永倉さんと話をしていると、奥からおたまちゃんの泣き声がした。
「ちがう、ちちうえ、ちがう」
泣きながらそんな声が聞こえてきた。
「近藤さんの娘が泣いているが、何かあったのか?」
永倉さんが不思議そうに言った。
「蒼良、もしかして……」
藤堂さんが私の方を見ながら言った。
「歌舞伎俳優」
そうだ、おたまちゃんは自分の父親を歌舞伎俳優だと思っているのだ。
前に、歌舞伎俳優の描かれた浮世絵を指さして
「ちちうえ」
と教えてくれたので、間違いない。
「何だ、その歌舞伎俳優って?」
永倉さんが事情を知らないので、教えたら、
「京でいばりくさってるから、娘に顔忘れられんだ。
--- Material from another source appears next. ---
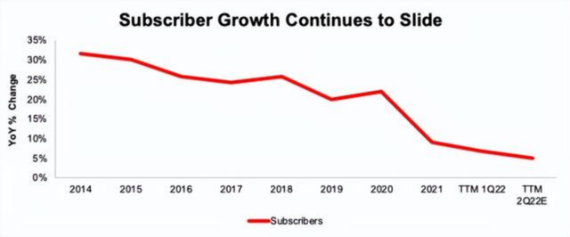 Netflix在2022年一季度订阅用户增速放缓,且总订阅数减少20万,这也是其近十年来订阅用户数首次下降。
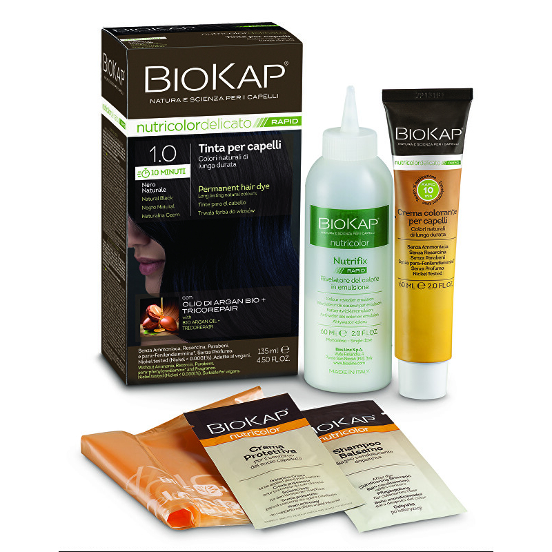 Objevte šetrnou a rychlou BIOKAP DELICATO RAPID barvu na vlasy v odstínu 1.0 Přírodní černá. Tato přírodní barva zajišťuje dokonalé překrytí šedin a vytváří jasnou, lesklou barvu s zdravým vzhledem. Díky inovativnímu TRICOREPAIR komplexu, který obsahuje rýžové proteiny, výtažek z vrby a lipofilní ovocné kyseliny, chrání vlasy a podporuje jejich regeneraci. Balení obsahuje vše potřebné pro snadnou aplikaci, včetně ochranných rukavic a balzámu po barvení. Vhodná pro vegany a šetrná k životnímu prostředí, tato barva je ideální volbou pro každou ženu, která hledá kvalitní a přírodní způsob barvení vlasů.

ざまぁ」
と言っていた。
いや、それはどう考えても違うだろう。
おたまちゃんの泣き声も気になるので、みんなでおたまちゃんのところに行ってみた。
私たちが見たものは、
「だから、わしが父上だって」
と、一生懸命自分が父親だとアピールしている近藤さんと、
「ちちうえ、ちがう」
と、例の浮世絵を持って泣いているおたまちゃんがいた。
「おたまが生まれてすぐに江戸をたったから、わしの顔を覚えていないのはわかるが、悲しいぞ」
それは確かに悲しい。
どうすればいいのだろう?
逆に近藤さんが歌舞伎俳優のようになれば、受け入れてもらえるんじゃないのか?
「近藤さん、おたまちゃんはこの浮世絵の人が父親だと思っているみたいなので、近藤さんも、この絵のような顔になってから、お玉ちゃんの目の前で化粧を落として今の顔になれば、納得するかもしれないです」
「おい、蒼良。それは、近藤さんにこんな歌舞伎の化粧をさせるってことか? それは近藤さんに対して失礼だぞ」
武田さんがすごい勢いで言ってきた。
って言うか、前から思っているのだけど、なんで私はあんたに呼び捨てされなければならないんだ?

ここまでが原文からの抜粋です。